Ahora que el Java está de moda por los problemas de su ‘infraestructura’ (ver, por ejemplo, Grave vulnerabilidad sin parche en Java está siendo aprovechada por atacantes ) me ‘toca’ rescatar una noticia que tampoco deja en buen lugar al lenguaje.
Lo contaban en Java apps have most flaws, Cobol apps the least, study finds y se trata de un análisis de esos masivos (Que, por lo tanto, hay que tomar con prevención):
Cast Software, a maker of software quality tools that evaluate the engineering soundness of the architecture and coding of an application, analyzed the 745 applications which combined for some 365 million lines of code. The company Thursday released a report detailing the conclusions of that analysis.
Sobre Java, podría ser falta de formación y/o experiencia:
As for Java, Curtis said he can only speculate on the problems, but said that «there are many people going into Java now that really don’t have strong computer science backgrounds. We may just be seeing the fact that there is an awful lot of people writing code who aren’t gurus in software engineering.»

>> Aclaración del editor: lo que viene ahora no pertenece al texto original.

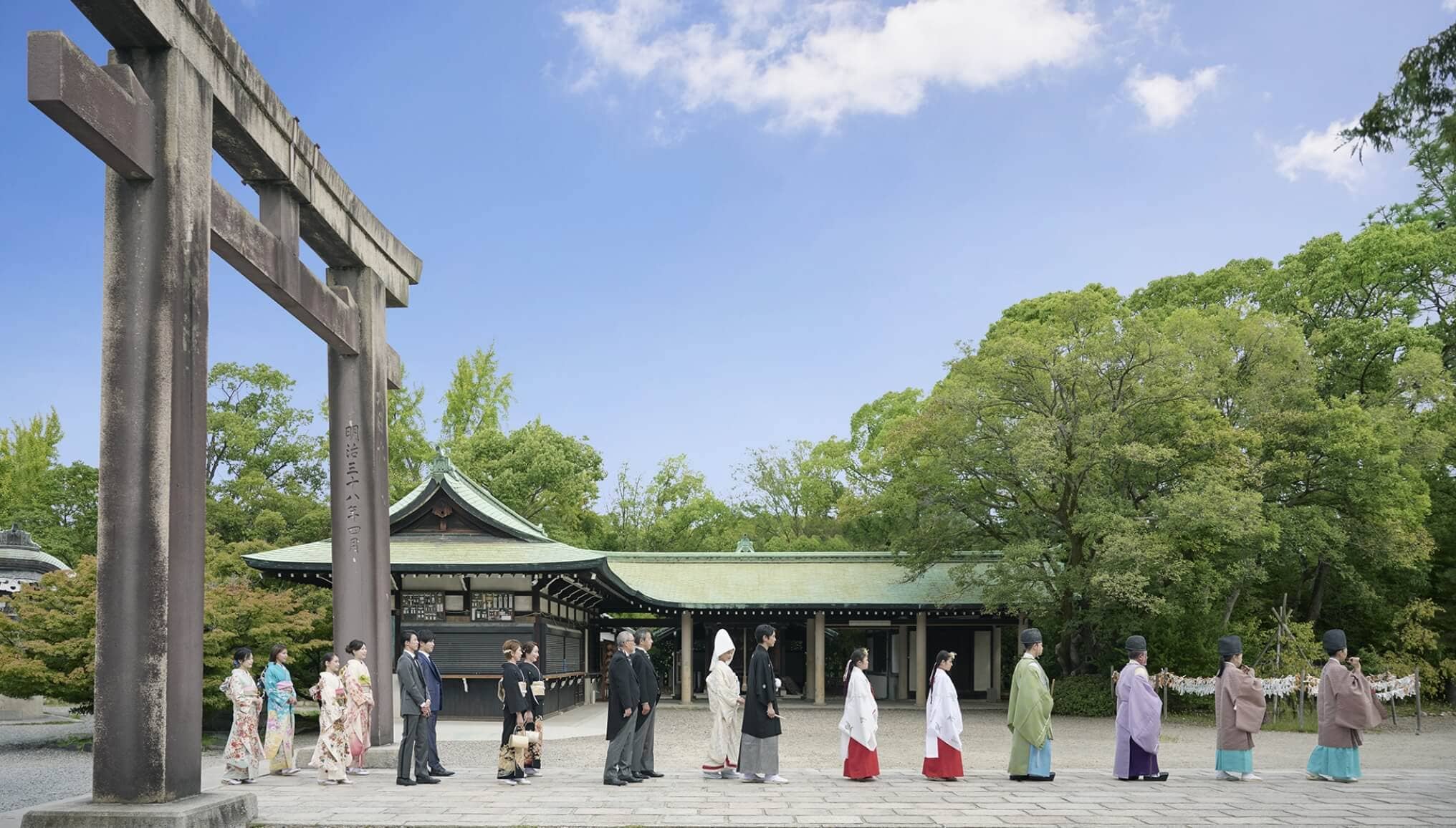 心地よい風が通り抜ける境内を参進する花嫁行列に緊張感が高まる。

En New Worldwide Software Quality Study From CAST Exposes Millions in Hidden IT Costs también comentan, con cifras más concretas:
«Our findings, although conservative, revealed an average technical debt of $3.61 per line of code,» said Curtis. «A significant number of applications examined in the study — nearly 15% — had over a million lines of code which means even the smallest of those contains over $3.6 million in technical debt.»
Otras conclusiones:
– Despite assumptions to the contrary, outsourced and in-house developed applications didn’t show any difference in structure quality. The same was true for onshore and offshore applications.
– Java EE applications were the most prevalent among those studied and received significantly lower performance scores as well as carrying greater technical debt than other languages
– Established development methods such as agile and waterfall scored significantly better in structural quality than custom methods, while waterfall scored the highest in transferability and changeability.
– COBOL applications scored the highest in security, while .NET applications received the lowest security scores
Se puede ver la nota de prensa original en: New Worldwide Software Quality Study from CAST Exposes Millions In Hidden IT Costs
Curioso. Tomar con prevención, claro.